# 820 - countries resided question



## kangaroogirl (Aug 25, 2012)

Question 22 on online 820 application askes for "have any of the applicants lived in a country for more than 12 months cumulatively in the past 10 years" 

Does this include their own country, or are they talking about outside their country?


----------



## Valentine1981 (Sep 13, 2012)

Yep. Any and all countries you have lived in for more than 1 year in the last decade - to determine where you need police checks from I imagine


----------



## kangaroogirl (Aug 25, 2012)

Yep got it. Thank you!


----------



## Star Hunter (Jun 29, 2012)

Don't forget to include Australia if he has stayed here longer than 12 months in total


----------



## Zhian (Mar 25, 2014)

Thank you for your answers, I have one question. If you put down Australia as one of the country. what do you put for the "date from" and "date to" field.
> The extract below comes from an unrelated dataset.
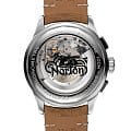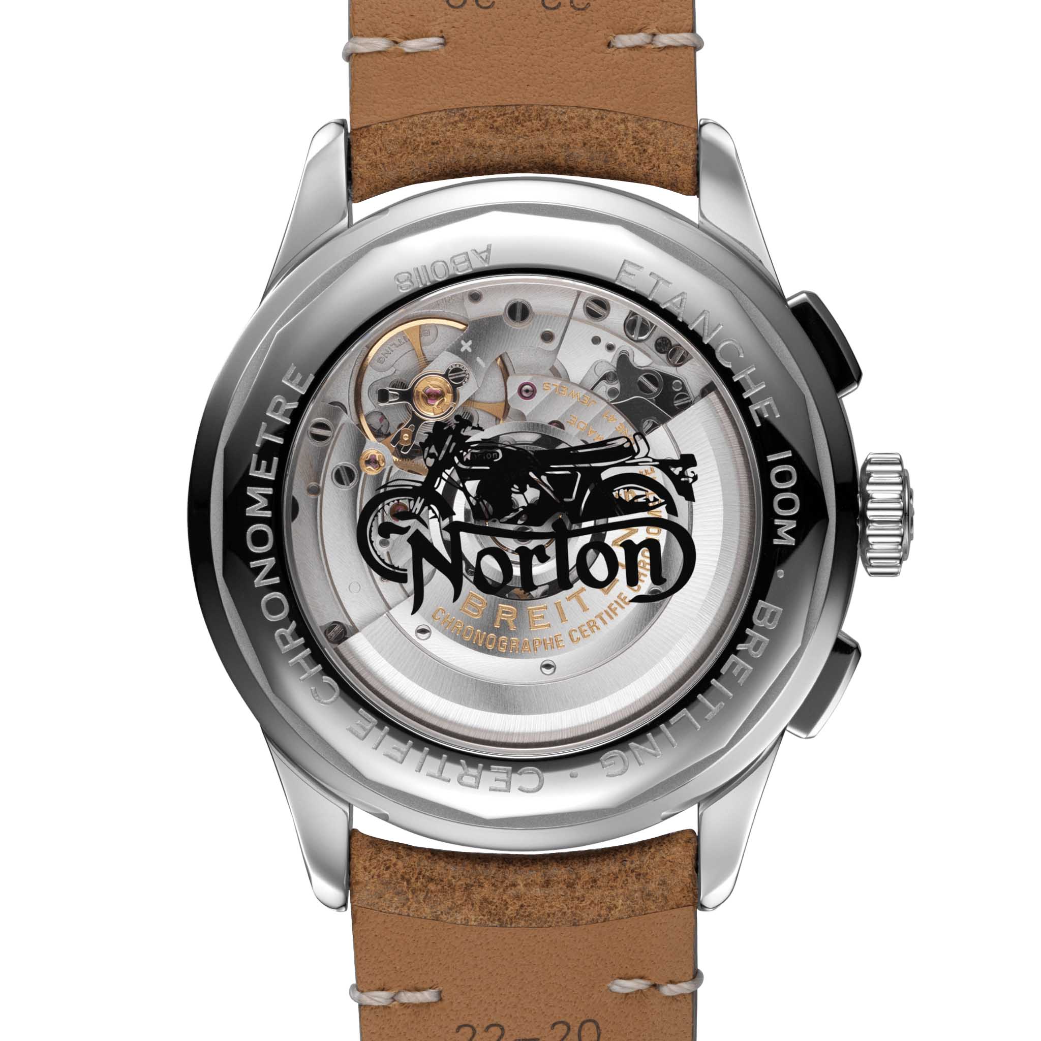 Модель Breitling Premier B01 Chronograph 42 Norton Edition – результат сотрудничества компании Breitling с британским производителем культовых мотоциклов Norton. Стильный харизматичный дизайн этого хронометра воплощает инновационный и смелый характер обоих брендов. Левая сторона корпуса украшена гравировкой Norton, а прозрачная задняя крышка – изображением мотоцикла и фирменным логотипом. Модель оснащена мануфактурным механизмом Breitling Manufacture Caliber 01, сертифицированным Швейцарским институтом официального тестирования хронометров (COSC). Водонепроницаемость часов – до 10 бар (100 метров). В 42-миллиметровый корпус из нержавеющей стали установлен черный циферблат с контрастными дополнительными счетчиками белого цвета, на фоне которых элегантно выделяются арабские цифры, а также часовая и минутная стрелки с матовым покрытием золотистого цвета. Цветовое решение подчеркивает динамичность и элегантность модели как в комплекте с коричневым ремешком из сыромятной кожи, так и с браслетом из нержавеющей стали.

I know the "date from" field is the date you started living in Australia, but for the "date to" field, what do you put in if you are currently and will still be living in Australia?

I hope my question make sense. 

Thanks


----------



## Star Hunter (Jun 29, 2012)

Zhian said:


> Thank you for your answers, I have one question. If you put down Australia as one of the country. what do you put for the "date from" and "date to" field. I know the "date from" field is the date you started living in Australia, but for the "date to" field, what do you put in if you are currently and will still be living in Australia?
> 
> I hope my question make sense.
> 
> Thanks


My husband just put "current" or "present" I can't remember which one exactly, but they both amount to the same thing


----------



## Hyperion (Jun 18, 2014)

Star Hunter said:


> My husband just put "current" or "present" I can't remember which one exactly, but they both amount to the same thing


Hi
With the online application you need to put an actual date in the 'Date To' field as it doesn't allow text or for it to be left blank. Do you think putting the date you're lodging the application would be ok and write a note about it somewhere explaining that the applicant still lives at that address?

thanks


----------



## Maggie-May24 (Jul 24, 2011)

You'd put the date you're lodging the application. You don't need to explain to DIBP that you still live there as they'll realise that from your home address.


----------



## Hyperion (Jun 18, 2014)

Maggie-May24 said:


> You'd put the date you're lodging the application. You don't need to explain to DIBP that you still live there as they'll realise that from your home address.


Ok, good news. Thanks for the advice Maggie


----------